Допустимые значения для SKLEARN_TESTS_GLOBAL_RANDOM_SEED:
SKLEARN_TESTS_GLOBAL_RANDOM_SEED="42": запуск тестов с фиксированным сидом 42SKLEARN_TESTS_GLOBAL_RANDOM_SEED="40-42": запустить тесты со всеми сидами от 40 до 42 включительноSKLEARN_TESTS_GLOBAL_RANDOM_SEED="all": запустить тесты со всеми значениями seed от 0 до 99 включительно. Это может занять много времени: используйте только для отдельных тестов, а не для полного набора тестов!
Если переменная не установлена, то 42 используется как глобальное начальное число детерминированным образом. Это гарантирует, что по умолчанию тестовый набор scikit-learn максимально детерминирован, чтобы не нарушать работу наших дружелюбных сторонних сопровождающих пакетов. Аналогично, эта переменная не должна устанавливаться в конфигурации CI для pull-request'ов, чтобы убедиться, что наши дружелюбные контрибьюторы не станут первыми, кто столкнётся с регрессией чувствительности к начальному числу в тесте, не связанном с изменениями их собственного PR. Только сопровождающие scikit-learn, которые следят за результатами ночных сборок, ожидают, что это будет их раздражать.

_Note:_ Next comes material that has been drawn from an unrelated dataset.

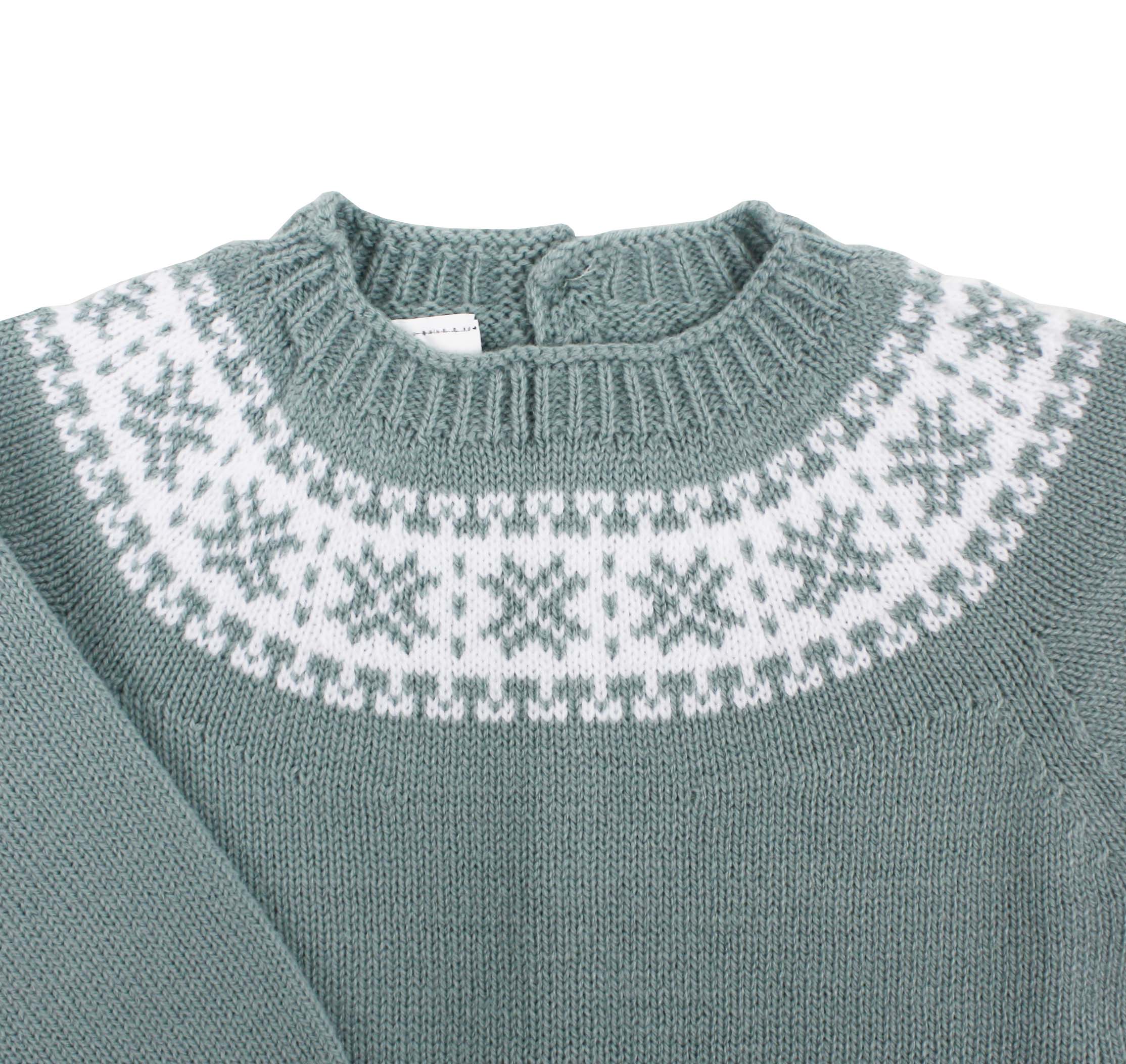 Aquarelle green knitted jumpsuit with fretwork. Made in Spain by m&h
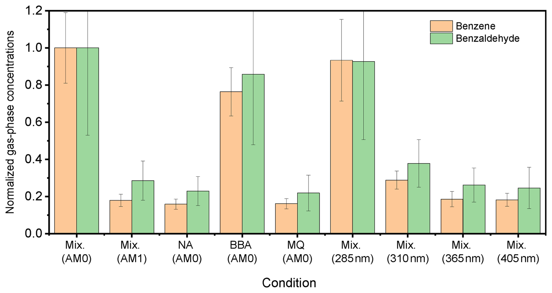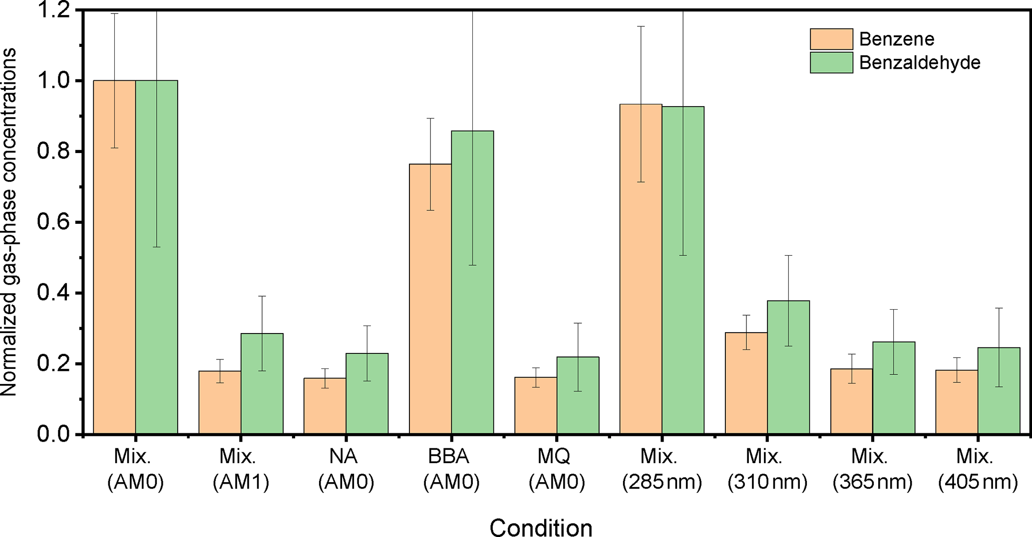 Only two of the photoproducts detected in the gas phase showed a significant increase compared to the background experiments (BG1–3). Figure 14 shows the normalized signals of the two main gas-phase compounds, benzene (C6H6) and benzaldehyde (C7H6O), under different irradiation conditions. When NA was irradiated in the absence of 4-BBA, the signal from both products remained at background levels. However, when either the mixture or 4-BBA alone was irradiated with AM0, both compounds exhibited strong signals. This is a further confirmation that, in addition to the previously reported photosensitized degradation of NA in the presence of 4-BBA as a photosensitizer, 4-BBA itself undergoes photolysis under the influence of the UV portion of the light spectrum. For other gas-phase compounds detected in this study, no significant differences were observed between the irradiation experiments and the background experiments.

При написании новой тестовой функции, использующей этот фикстур, используйте следующую команду, чтобы убедиться, что она проходит детерминированно для всех допустимых сидов на вашей локальной машине:
SKLEARN_TESTS_GLOBAL_RANDOM_SEED="all" pytest -v -k test_your_test_name
9.3.2.2.5. SKLEARN_SKIP_NETWORK_TESTS#
Когда эта переменная окружения установлена в ненулевое значение, тесты, требующие доступа к сети, пропускаются. Когда эта переменная окружения не установлена, сетевые тесты пропускаются.
9.3.2.2.6. SKLEARN_RUN_FLOAT32_TESTS#
Когда эта переменная окружения установлена в ‘1’, тесты с использованием
global_dtype Фикстуры также запускаются на данных float32.
Если эта переменная окружения не установлена, тесты выполняются только на
данных float64.
9.3.2.2.7. SKLEARN_ENABLE_DEBUG_CYTHON_DIRECTIVES#
Когда эта переменная окружения установлена в ненулевое значение, Cython
производная, boundscheck установлено в True. Это полезно для поиска
сегфолтов.
9.3.2.2.8. SKLEARN_BUILD_ENABLE_DEBUG_SYMBOLS#
Когда эта переменная окружения установлена в ненулевое значение, отладочные символы будут включены в скомпилированные C расширения. Только отладочные символы для POSIX систем настроены.
9.3.2.2.9. SKLEARN_PAIRWISE_DIST_CHUNK_SIZE#
Это устанавливает размер чанка, который будет использоваться нижележащим PairwiseDistancesReductions
реализаций. Значение по умолчанию — 256 который показал себя адекватным на
большинстве машин.
Пользователи, ищущие наилучшую производительность, могут захотеть настроить эту переменную, используя степени 2, чтобы получить наилучшее поведение параллелизма для их оборудования, особенно с учетом размеров их кэшей.
9.3.2.2.10. SKLEARN_WARNINGS_AS_ERRORS#
Эта переменная окружения используется для превращения предупреждений в ошибки в тестах и сборке документации.
Некоторые сборки CI (непрерывной интеграции) устанавливают SKLEARN_WARNINGS_AS_ERRORS=1, например, чтобы убедиться, что мы ловим предупреждения об устаревании от наших зависимостей и адаптируем наш код.
Чтобы локально запустить с той же настройкой "предупреждения как ошибки", как в этих сборках CI, вы можете установить SKLEARN_WARNINGS_AS_ERRORS=1.
По умолчанию предупреждения не превращаются в ошибки. Это так, если
SKLEARN_WARNINGS_AS_ERRORS не установлен, или SKLEARN_WARNINGS_AS_ERRORS=0.
Эта переменная окружения использует специальные фильтры предупреждений, чтобы игнорировать некоторые предупреждения, поскольку иногда предупреждения исходят от сторонних библиотек, и мы мало что можем с этим поделать. Вы можете увидеть фильтры предупреждений в
_get_warnings_filters_info_list функция в sklearn/utils/_testing.py.
Обратите внимание, что для сборки документации SKLEARN_WARNING_AS_ERRORS=1 проверяет, что сборка документации, в частности запуск примеров, не производит никаких предупреждений. Это отличается от -W sphinx-build аргумент, который перехватывает синтаксические предупреждения в rst-файлах.